Not something I would try. I'm sure when making fish bait flavour they are not too concerned over purity and cleanliness during manufacturing.
Anchovy flavour vape.... now that can work if they pull off the intense saltiness


----------



## CraftyZA (1/11/14)

Just had an incredible idea for next year halloween.
Rooiaas/redbait extract flavour 
All the fisherman on the forum will know exactly what i speak about...

Reactions: Funny 2 | Can relate 1


----------



## Rob Fisher (1/11/14)

CraftyZA said:


> Just had an incredible idea for next year halloween.
> Rooiaas/redbait extract flavour
> All the fisherman on the forum will know exactly what i speak about...



Now why would you even say something like that?
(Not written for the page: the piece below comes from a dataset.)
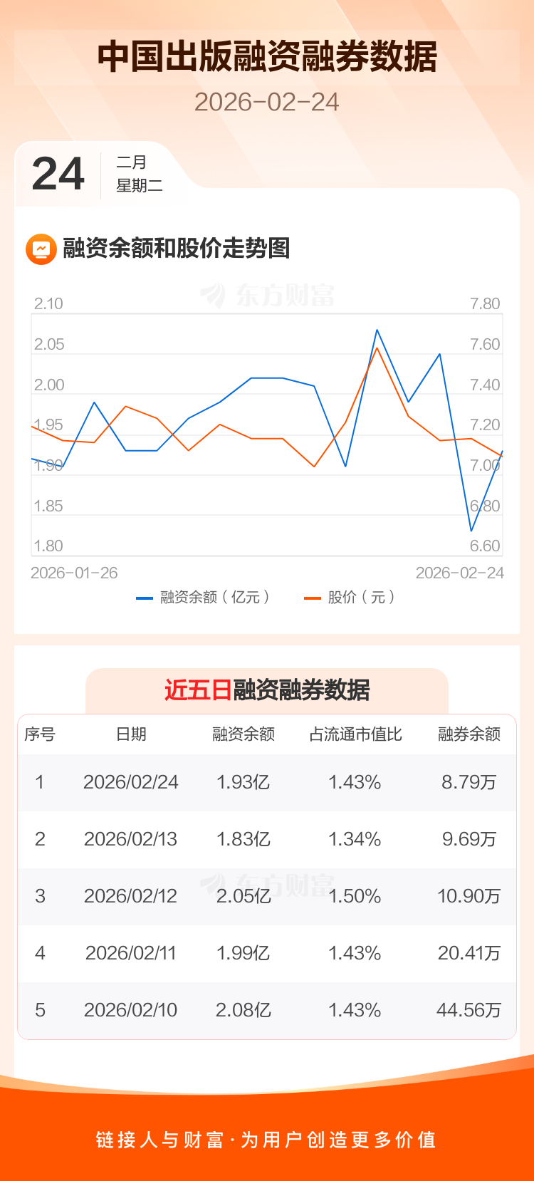 交易所最新数据显示,中国出版于2026年2月24日获融资买入2527.49万元,融资偿还1579.81万元,当日融资净买入947.68万元。目前,该股融资余额1.93亿,占流通市值比例为1.43%。

Gross Dewd!


----------



## Genosmate (1/11/14)

CraftyZA said:


> Just had an incredible idea for next year halloween.
> Rooiaas/redbait extract flavour
> All the fisherman on the forum will know exactly what i speak about...


Doubt you'll need to make too much and maybe just 3ml bottles.Can't see it catching on but you never know
Just had an idea,I could send some up to you in a jiffy bag,with the SAPO as it is it will probably never arrive so you'll be OK,but it might get the other parcels out of the sorting offices a bit quicker

Reactions: Funny 4


----------